Content-Security-Policy:
default-src ‘none’;
img-scr ‘self’
value;
style-src ‘report-sample’ ‘self’ unsafe-inline’
Value
Value;
script-src ‘report-sample’ ‘self’ ‘unsafe-inline’ ‘unsafe-eval’
Value
Value
value;
There could be thousands of errors/violations; it could take many hours to shift through the data, and you might not end up with a complete policy. However, there is a more formal path to get a more complete policy.
Formal Process
The formal approach to creating and deploying a content security policy requires standing up a reporting engine to collect the violation reports. Using the report-uri directive in your policy will send all violations to the reporting endpoint. This is a must when you think about it. Websites are updated all the time. You may switch assets over time and malicious threats can be injected at any time. You need reporting to not only help build the policy, but also for maintenance and insight on potential risks.
Follow these steps to create and deploy a CSP:
- Develop a reporting API endpoint that would accept reported CSP events from browsers.
- This endpoint will collect the events, clear out invalid messages (with wrong format, for example), then store them in the database.
- Deploy this API endpoint and provision required data store.
- To deploy an API endpoint you either need to reuse existing web servers or deploy a new one.
- To provision a database you would need either your own database server or use available in-cloud solutions.
- Next step would be to test if the endpoint works as expected and indeed collects events and stores them in the database.
- After you have an API endpoint you can create your first CSP policy and use the endpoint’s url in [report-to] directive. The first CSP policy would be in the report-only mode, and quite restrictive. For example:
Website Response Header: Content-Security-Policy-Report-Only=default-src ‘self’; object-src ‘none’; report-uri <api-endoint-url?>
- Deploy the CSP policy on your main website.
- Allow some time to pass, collecting reported CSP violation events in the database.

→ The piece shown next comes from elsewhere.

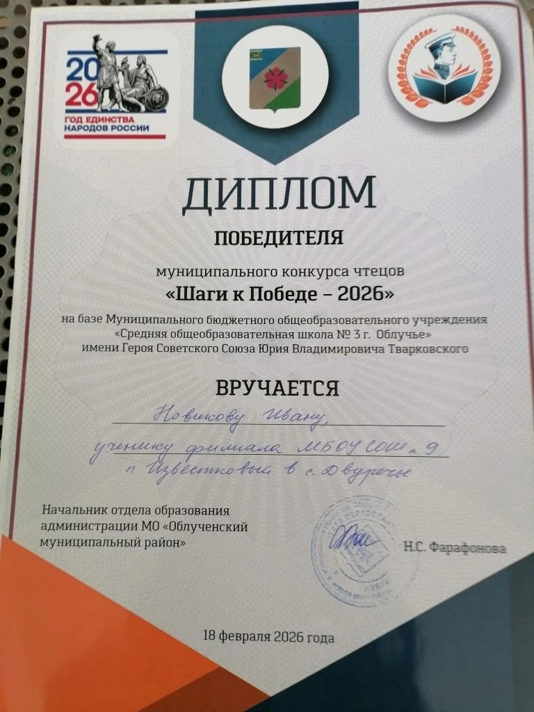 Приходы.ру 26.02.2026. Муниципальный конкурс чтецов «Шаги к Победе», 21 февраля 2026 года прошел на базе средней общеобразовательной школы города Облучье (Еврейская автономная область). Конкурс проходит уже третий раз. В этом году его темой выбрали «Подвиг учителя, наставника в годы Великой Отечественной войны».

- ‘Manually’ process collected CSP events:
- Write the routine or manually query database of the collected events.
- Parse the events and analyze violation reasons.

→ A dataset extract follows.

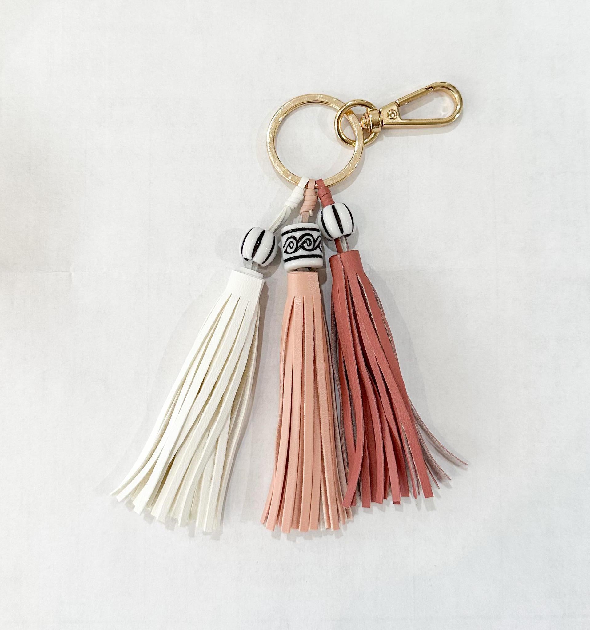 Add a playful yet polished touch to your everyday essentials with The Triple Tassel Keychain. Featuring three soft faux-leather tassels in coordinated tones, accented with black-and-white patterned beads, this accessory is both stylish and functional. The gold keyring and lobster clasp make it easy to clip onto your keys, handbag, or even a tote for a pop of personality.

- Create a list of encountered sources per each of the CSP directives (script-src, ing-src, etc.).
- Create a new CSP policy based on the analyzed events.
- Use the list of the sources and directives from the previous step to manually write a valid CSP string.

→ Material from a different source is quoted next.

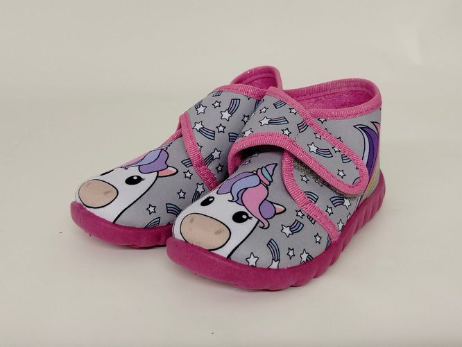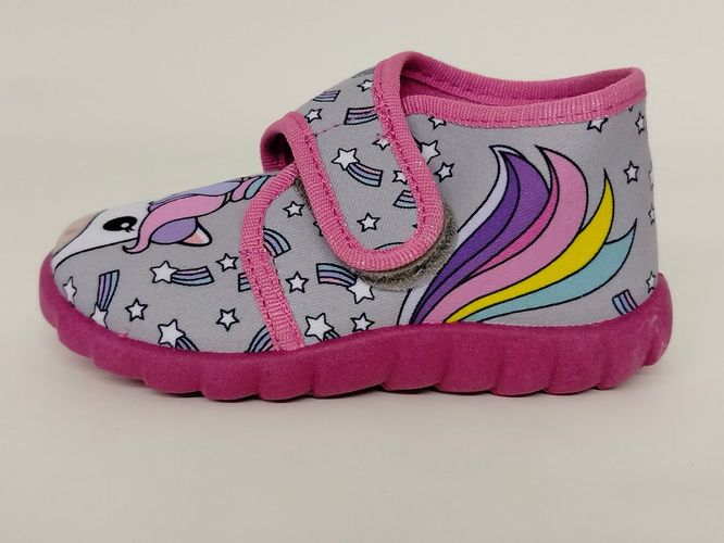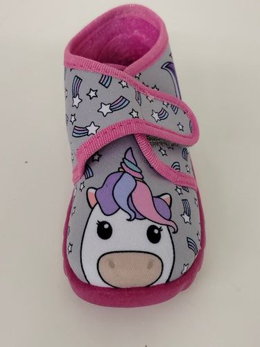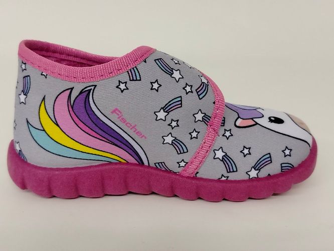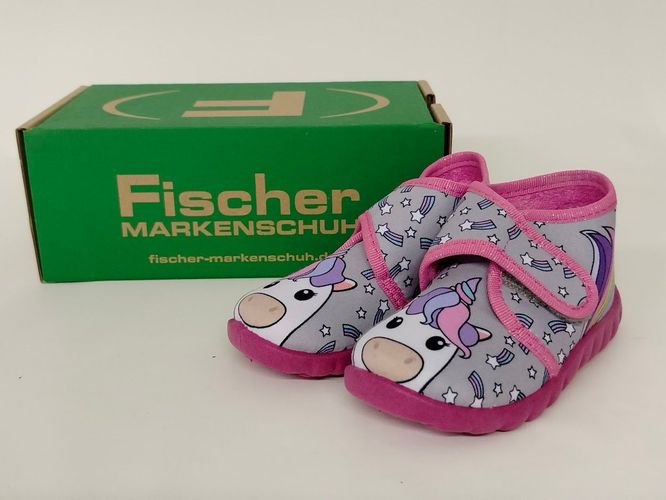 Fischer Mädchen Hausschuh mit Einhorn und Klettverschluss grau bunt

- Deploy an updated policy and proceed to the next iteration.
Steps 6-8 would be repeated, to keep up with ongoing maintenance after a period of time. The good thing would be that the reporting database is a source to check for changes or not allowed assets.
I know what you’re thinking, this is a lot. But the benefits of having a content security policy are worth it. In some cases you may even be required to have this for compliance reasons.
Going further, once you enforce your policy by removing report-only from the header, the reporting data will show you what has been blocked from loading on your site. These violations should be added to update your policy or investigate further if there is a potential risk.
With growing attacks on the client-side everyday that impact web users directly, content security policies should not be ignored. Creating and deploying a content-security policy can be a daunting task, but there are tools out there that can assist with all steps of the process.
Alternatives to Manually Deploying a CSP
An automated content security policy is a purpose-built security solution to help manage content security policies on the front end—or on your client-side attack surface. An automated CSP removes the risks of manual CSP management by leveraging automation to add a layer of protection to your client-side security solutions.